A little help for my home theater

A

Amer95

Audiophyte
Hello people, I hope you're doing well

I recently bought Panasonic XC385h home theater system and whenever I go to settings to set the dB levels for the speakers I can only set the dB levels between -6 and +6 and I know that the proper dB are between 75 and 80 , does anyone know about this issue? I looked for everything in the settings and I couldn't find any thing.

Thank you
 
lovinthehd

lovinthehd

Audioholic Jedi
That's what's called a trim level for adjusting a particular speaker or pair of speakers generally, and the range can be +/- 10,12, even 15 dB, just depends on the brand/gear involved. A dB reading on an spl meter for 75 or 80 would depend on a few things, but generally the test tones you would measure at those levels is for calibrating the system overall, to level match among the speakers/subs and to approximate a known standard like a THX movie level...nothing to do with individual trim levels particularly except to adjust a particular speaker/pair of speakers to match others in the system (or to raise/lower it to preference rather than reference). What are you trying to do particularly?
 
adk highlander

adk highlander

Sith Lord
Hi and welcome.

You need to use a spl meter (phone app can work) and adjust those values relative to the speaker placement and your listing position. Does it give you the option for a test tone for each speaker?
 
A

Amer95

Audiophyte
Hi and welcome.

You need to use a spl meter (phone app can work) and adjust those values relative to the speaker placement and your listing position. Does it give you the option for a test tone for each speaker?
Hello thank you for replying, Yes it does give me the option to test tone.
 
A

Amer95

Audiophyte
That's what's called a trim level for adjusting a particular speaker or pair of speakers generally, and the range can be +/- 10,12, even 15 dB, just depends on the brand/gear involved. A dB reading on an spl meter for 75 or 80 would depend on a few things, but generally the test tones you would measure at those levels is for calibrating the system overall, to level match among the speakers/subs and to approximate a known standard like a THX movie level...nothing to do with individual trim levels particularly except to adjust a particular speaker/pair of speakers to match others in the system (or to raise/lower it to preference rather than reference).
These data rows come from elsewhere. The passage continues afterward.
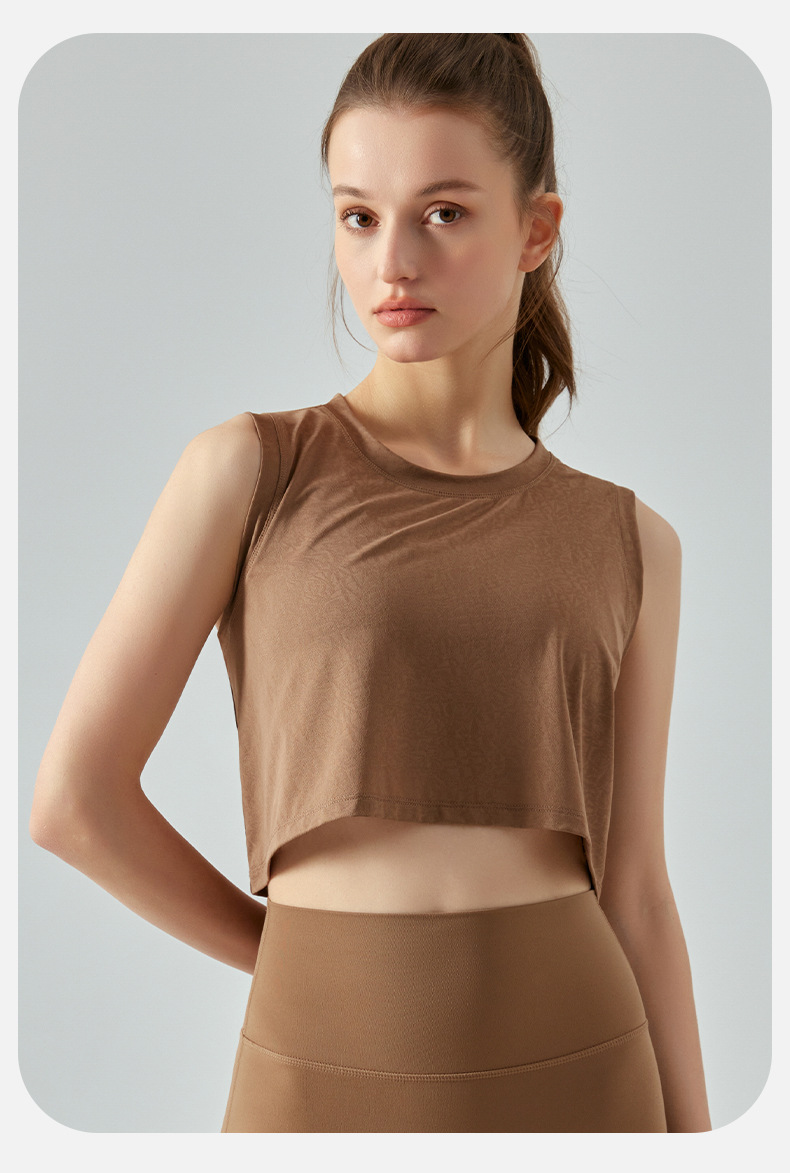 Outdoor Sports Vest Women Short Jacquard Yoga Jacket Loose Sleeveless Breathable Outdoor Running T-shirt Workout Clothes
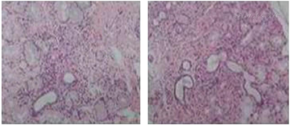 辅助检查:角膜荧光染色:睑裂部角膜大量着色块及着色点,泪膜破碎时间:2 s,眼科检查结论:干眼症。唇腺活检病理(图4);唇腺小叶中央区导管周多灶性淋巴、浆细胞浸润;每灶内淋巴细胞大于≥50个/4 mm2,少量腺泡萎缩。
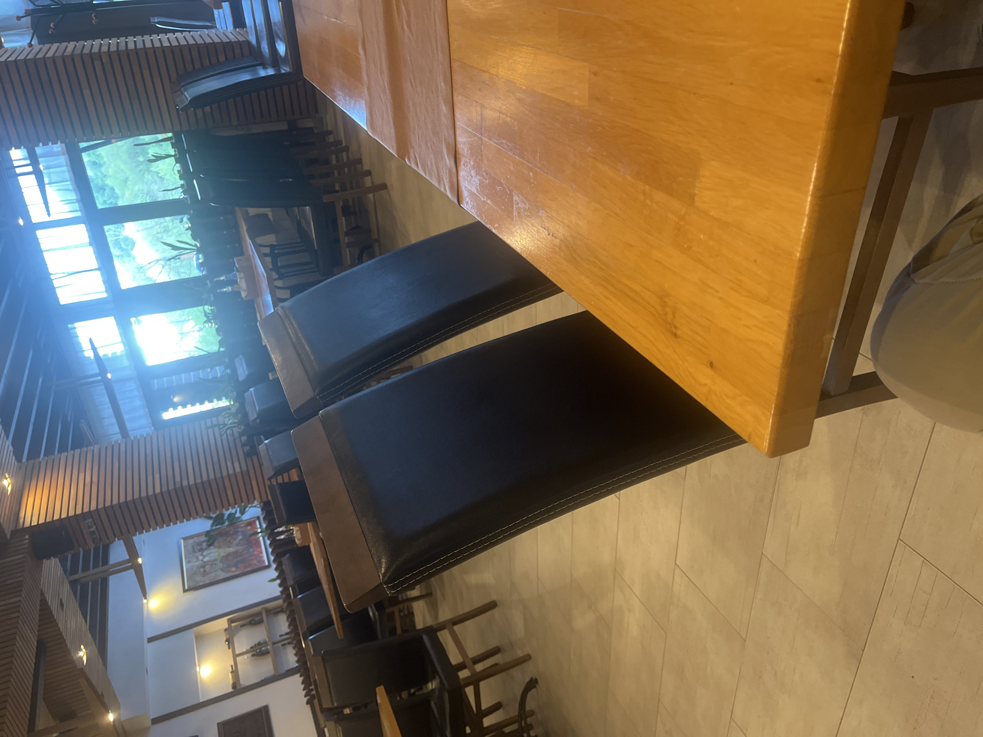The image depicts a restaurant interior, likely in Veliko Tarnovo, Bulgaria. A long wooden table dominates the foreground, with dark-seated chairs arranged along its side. The restaurant features large windows offering a view of greenery, possibly a park or landscape. The architecture of the building is modern with exposed beams and a high ceiling. A painting and decorative shelves are visible on a wall. The overall lighting suggests it is daytime. No people are prominently visible in the image.
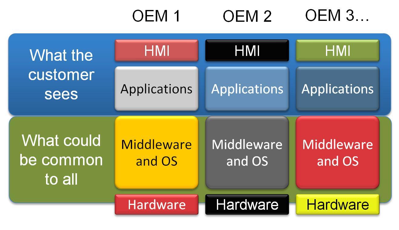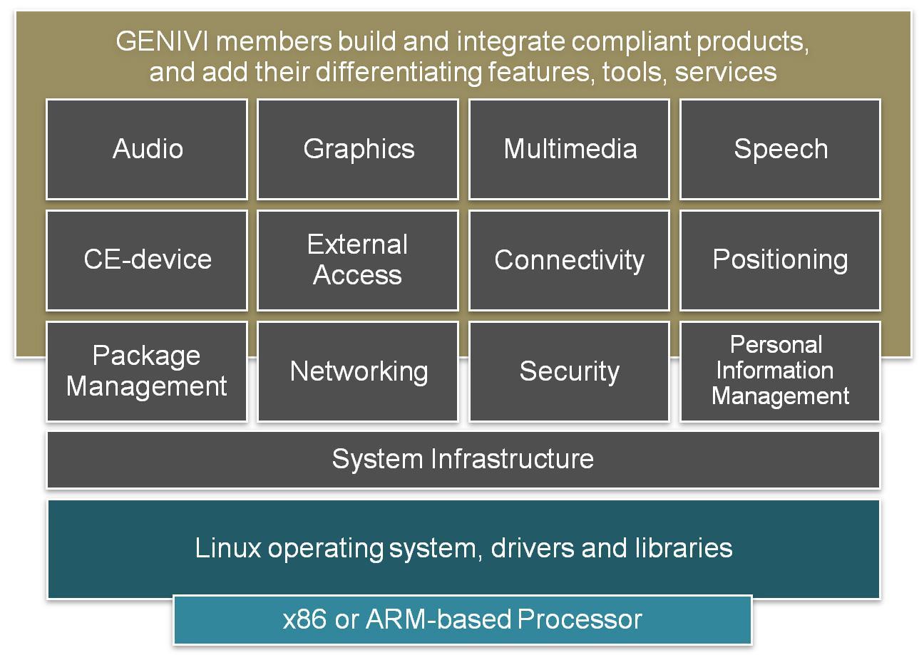 基于以上原因,非營利 GENIVI 聯(lián)盟在四年前成立。GENIVI 聯(lián)盟的成員現(xiàn)在包括170多家汽車生產(chǎn)商和供應商,其宗旨是共享一個標準的車載信息娛樂系統(tǒng)開發(fā)的開源平臺。
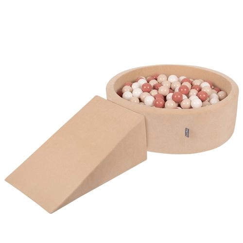 KiddyMoon Foam Playground Velvet for Kids with Round Ballpit ( ∅ 7cm/2.75In) Soft Obstacles Course and Ball Pool, Certified Made In The EU, Sand beige: pastel beige/salmon/white, Ballpit (100 Balls) + Wedge
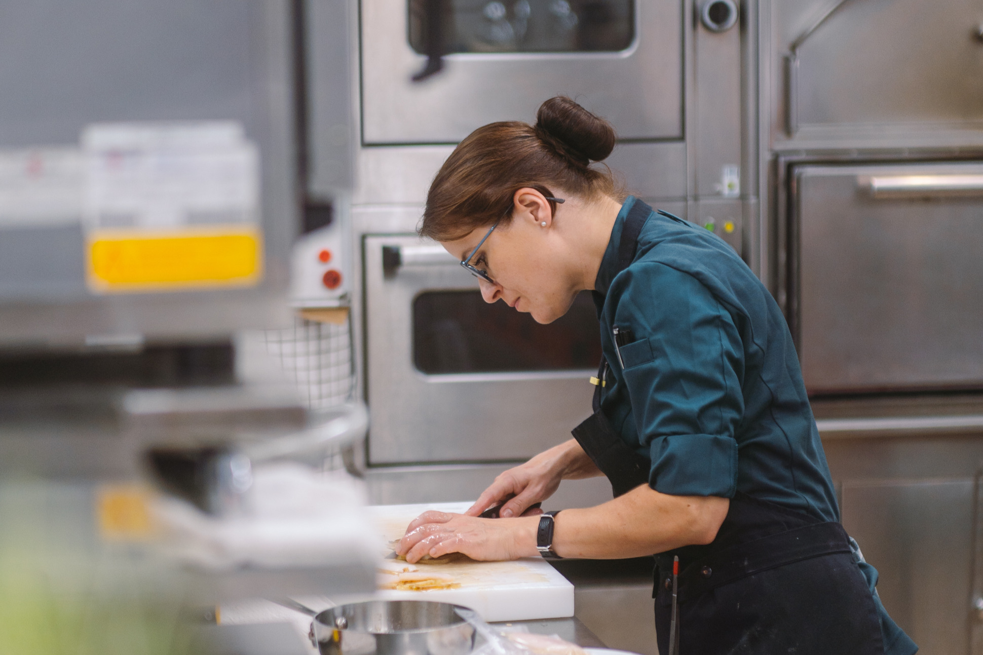 Die Gäste nehmen an einer gemeinsamen Tafel mitten im Geschehen Platz und erleben ein sorgfältig komponiertes Vier-Gang-Menü mit saisonalen Produkten, kreativer Finesse und der unverkennbaren Handschrift der Küchenchefin.
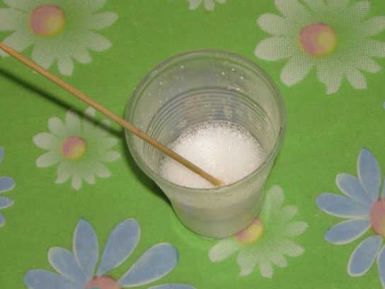 Tomar el marco de jabón (yo usé la forma plástica en forma de cuadrado). Añadir 1-2 gotas de neroli aceite esencial y dióxido de titanio pigmento a la base derretida hasta que se convierte en blanco. También puede Agregar una gota de aceite esencial de manzanilla para darle su aroma de hierbas jabón. Mezclar bien los ingredientes.
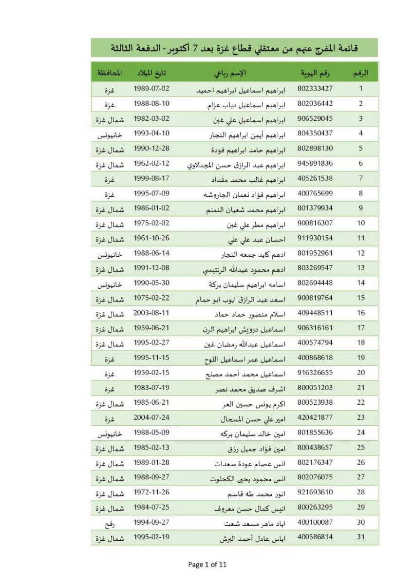 كما سيتم الإفراج عن 333 معتقلا من قطاع غزة، اعتقلتهم قوات الاحتلال الإسرائيلي خلال عدوانها على القطاع بعد السابع من أكتوبر/ تشرين الأول 2023.
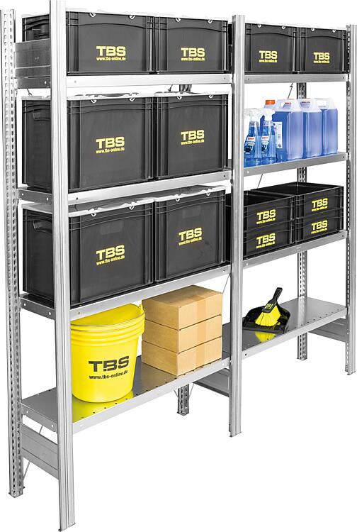 Description • Sécurité certifiée GS • Conforme aux normes selon BGR 234 et DIN EN 15635 • Si la hauteur des étagères est plus de quatre fois supérieure à la profondeur des étagères, celles-ci doivent être protégées contre le basculement, par exemple par une fixation murale ou des ancrages au sol. • Profilé de support : - Perforation trapézoïdale au pas de 25 mm. • Tablette en acier : - Triple pliage avec bord tubulaire de 40 mm • Surface galvanisée • Avec support de tablette enfichable • Dimensions extérieures largeur : rayonnage de base + 56 mm • Dimensions extérieures profondeur : rayonnage de base + 26 mm • Livré démonté • Emboîtable, Cadres pré-montés • Toutes les Étagères sont livrées sans contenu ! • Charge par tablette 150 kg • Charge admissible par travée 2000 kg • hauteur : 1800 mm Montage simple par emboîtement. • Le rayonnage de base peut être prolongé par un élement suivant Délai de livraison env. 15-20 jours ouvrés Caractéristiques techniques
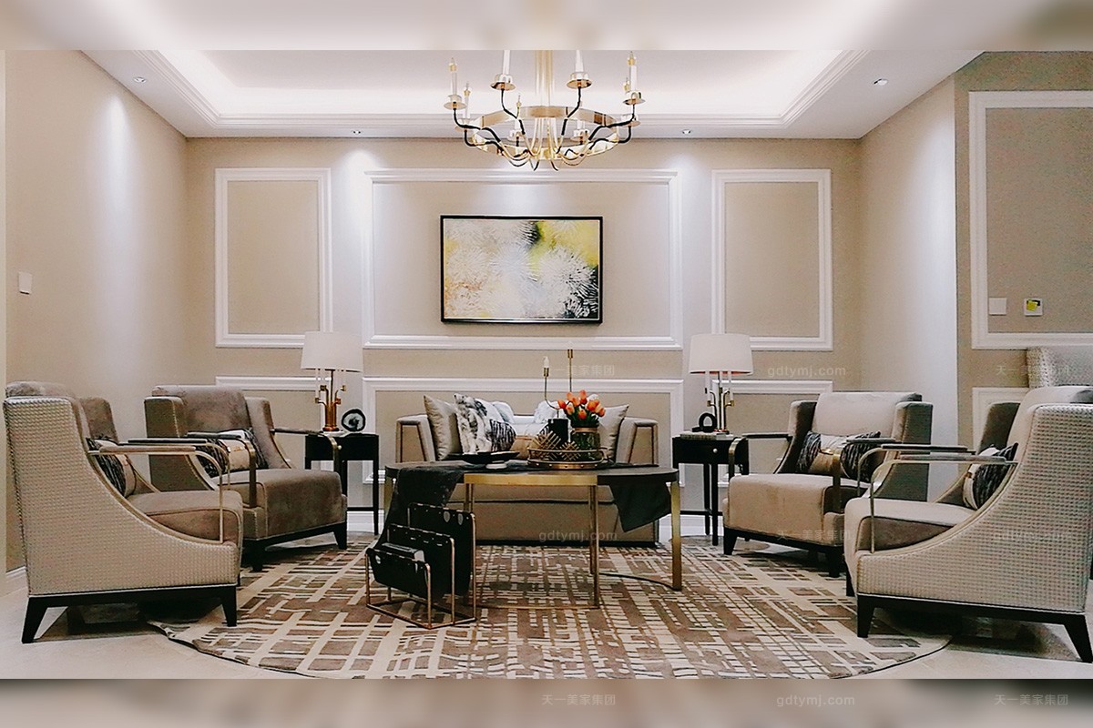 項目理念:本案以簡約美式輕奢作為風格主調,輔以古典和現代時尚元素作為陪襯,展現了簡美式輕奢風格的時尚潮流和古韻古意;正如簡美輕奢設計講究的自由隨意和實用一樣,天一美家設計師們從空間的格局與功能著手,以時尚優雅的外觀設計、精雕細琢的手工工藝、臻求完美的細節,旨在為主人打造一個飽含溫情的優雅之家;讓其新生趣味來告別沉悶,舒舒服服地生活,正因為如此,此次合作也深受客戶肯定,表示后期會繼續合作。

What are you trying to do particularly?
Hello thank you for replying, I'm a beginner at this and all I know that I must calibrate my home theater to 75~80 dB
 
lovinthehd

lovinthehd

Audioholic Jedi
Hello thank you for replying, I'm a beginner at this and all I know that I must calibrate my home theater to 75~80 dB
Well, no, you don't really. You do want to setup the speakers/sub so that they play together properly in terms of delay and level. I would set the delays (distance) for your seating position then use as adkhighlander mentioned an spl meter (phone app if that's what you have) and set levels for the speakers and subs that way....75dB is easier on the ears even though the THX level most gear aims at is an average level of 85dB (with allowance for 20dB peaks). Some gear came setup so the test tones were at that 85dB level, but many found that too high so many avrs just adjust internally from a 75dB level set.

Is your master volume control setup along the lines of a reference or absolute dB scale? I glanced at your manual, it doesn't seem to have any guidance on that.